Its a great shame that people view the whole property thing as an investment market! As Maidens daughter has stated, its about a home not money, that IMO, is what its all about and those who try to make money from it all deserve to get their fingers burnt!

Jo xxx


----------



## gus-lopez (Jan 4, 2010)

MaidenScotland said:


> O.K I will try and get on various banks emailing lists, no point in paying commission to an agent if I can do it myself.
> 
> On another note.. my daughter bought her house three years ago for the asking price and I recently asked her if she had thought about it would she have given the asking price ? She replied
> 
> Mum a house is worth what you want to pay for it this is my home and it's the best thing we have ever done and no I wouldn't dither about to get the house I want.

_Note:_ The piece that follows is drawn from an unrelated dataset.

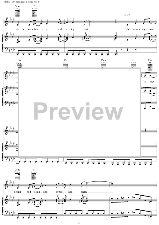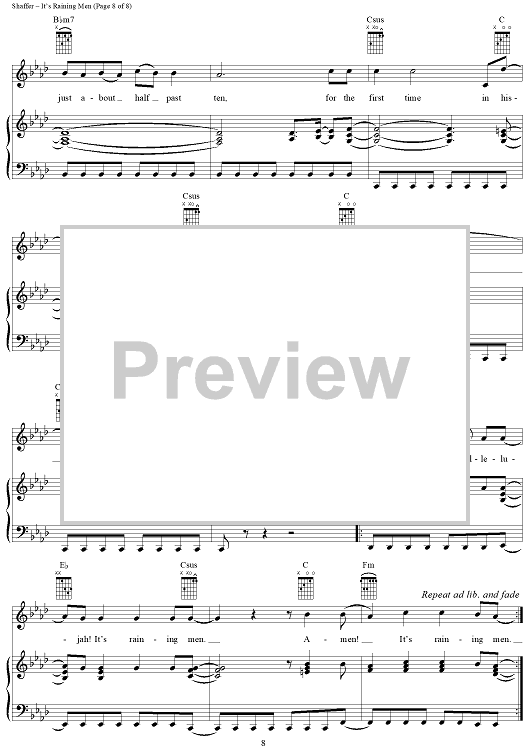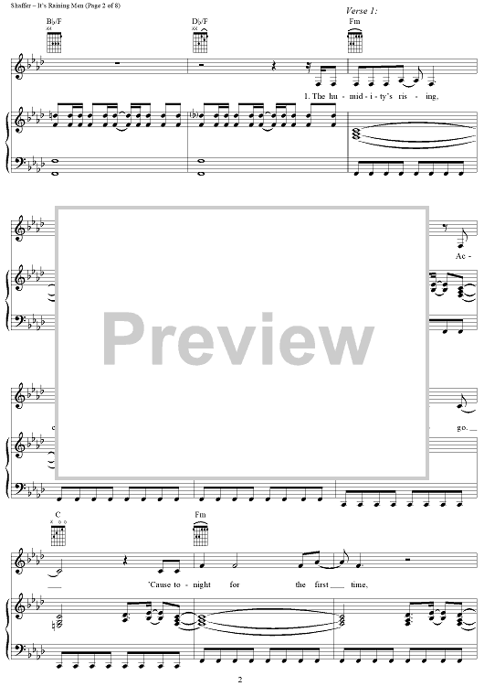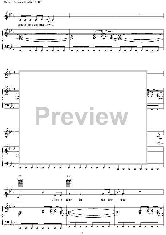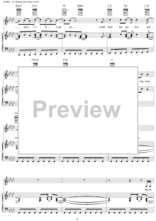 Digital Sheet Music for It's Raining Men by Paul Shaffer, Geri Halliwell, Paul Jabara, The Weather Girls scored for Piano/Vocal/Chords; id:318217

" La Caixas" repo arm is servihabitat. Just google that & it will be the top one on the page. It's a bit of hard work to use unless they've upgraded it. I've just noticed on the flyer from them that if you are in the 'multi estrella' programme ( whatever that is ?) you get an additional 5% discount !


----------



## geez (Apr 4, 2010)

gus-lopez said:


> " La Caixas" repo arm is servihabitat.


Thanks for that Gus-Lopez. Anyone else any other links of interest?

PS I'm totally with JoJo and Steve... we're not seeking to speculate, benefiting from others' misery. We're needing a place to live in which we can live on likely future humble wages.


----------